Allora, che cosa possono proporre gli europei? Per scoprirlo, l’inviata di Euronews Audrey Tilve si è unita ai mille funzionari, investitori e imprenditori riunitisi a Bruxelles per il Forum Economico Unione Europea-Africa.

Durato due giorni, l’evento ha messo in contatto i principali attori dei due continenti. Tra questi, molti imprenditori alla ricerca di finanziamenti.

Un anno fa Francine Munyaneza ha creato in Ruanda un’impresa specializzata in energia solare, Munyax Eco. Sogna di produrre localmente gli scaldabagno che oggi deve importare. I problemi, però, nascono sempre sul versante del credito.

“I tassi d’interesse sono molto alti in Africa”, spiega Francine. “Non solo in Ruanda, ma un po’ dappertutto. Credo sia legato al problema del rischio e all’inflazione. Perciò, ci ritroviamo con tassi che vanno dal 18% al 19%”.

Tra le modalità di finanziamento alternative ci sono i fondi di venture capital. Quello diretto da Paul Van Aalst, SOVEC, sostiene con i suoi finanziamenti la creazione di scuole private, di centri medico-diagnostici e di alloggi.

“Portiamo la nostra esperienza nel fornire capitale per la crescita dall’Europa all’Africa, ma poi lasciamo la valutazione della sostenibilità di un’impresa ai nostri partner locali in Africa, con i quali co-investiamo”, racconta Van Aalst. “E poi sosteniamo l’imprenditore locale nello sviluppo delle competenze che servono per far crescere l’azienda”.

In un continente dove più della metà della popolazione ha meno di 20 anni, dove l’80% delle persone vivono in zone rurali, e dove mancano gli insegnanti, l’educazione è un’immensa sfida alla quale, in parte, possono rispondere le nuove tecnologie.

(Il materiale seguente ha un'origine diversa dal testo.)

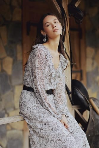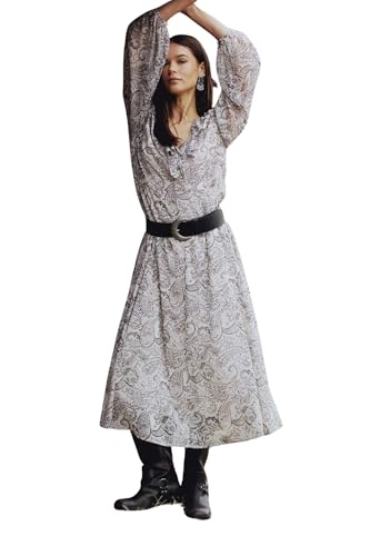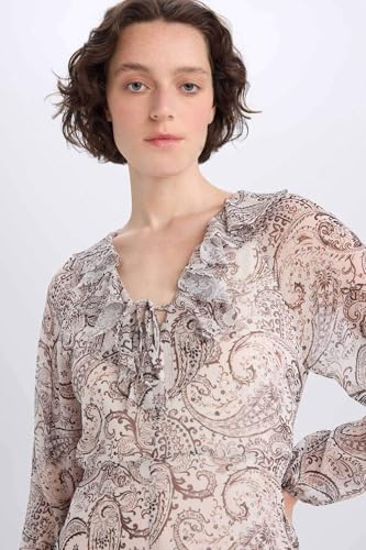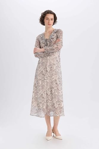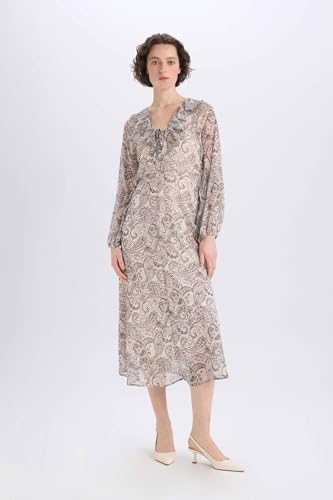 DeFacto - ديفاكتو فستان كاجوال بقصة واسعة وقبة C واكمام طويلة وتنورة منسوجة باكمام طويلة للنساء، لون بيج مقاس 40

“Nelle aree urbane – spiega il responsabile iniziative africane di Microsoft Louis Onyango Otieno – può essere che ogni bambino abbia un Pc. Nelle aree rurali, invece, forse la tecnologia è presente solo in qualche sala computer. Ciò che dobbiamo essere in grado di fornire è la flessibilità”.

Uno degli obiettivi di inizio millennio fissati dalle Nazioni Unite era impartire un’istruzione primaria a tutti i bambini del mondo. All’epoca, il piccolo computer verde del progetto “One Laptop Per Child” (letteralmente, ‘un computer per ogni bambino’) fece la sua comparsa nelle classi del Ruanda.

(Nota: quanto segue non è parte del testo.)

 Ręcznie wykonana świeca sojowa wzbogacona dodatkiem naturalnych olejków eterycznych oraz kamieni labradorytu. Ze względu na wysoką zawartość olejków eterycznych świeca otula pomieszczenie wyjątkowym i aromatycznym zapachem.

“La comunità del software aperto ha incontrato Kofi Annan e ha detto: immagini di poter rimpicciolire una scuola fino a farla entrare in un piccolo contenitore di plastica”, racconta Sven Aerts del progetto OLPC. “C‘è un piccolo pannello fotovoltaico incluso, perché questi computer sono molto economici in termini di consumi energetici”.

Tra i settori strategici nei quali l’Africa cerca di emanciparsi c‘è la farmaceutica. Il continente importa l’80% dei medicinali, spesso a prezzi molto alti.

Nei Paesi del nord la produzione locale si organizza. Più a sud, alcuni grandi gruppi proprietari di stabilimenti sul posto stanno cominciando a proporre dei partenariati che includono la formazione dei ricercatori e laboratori comuni.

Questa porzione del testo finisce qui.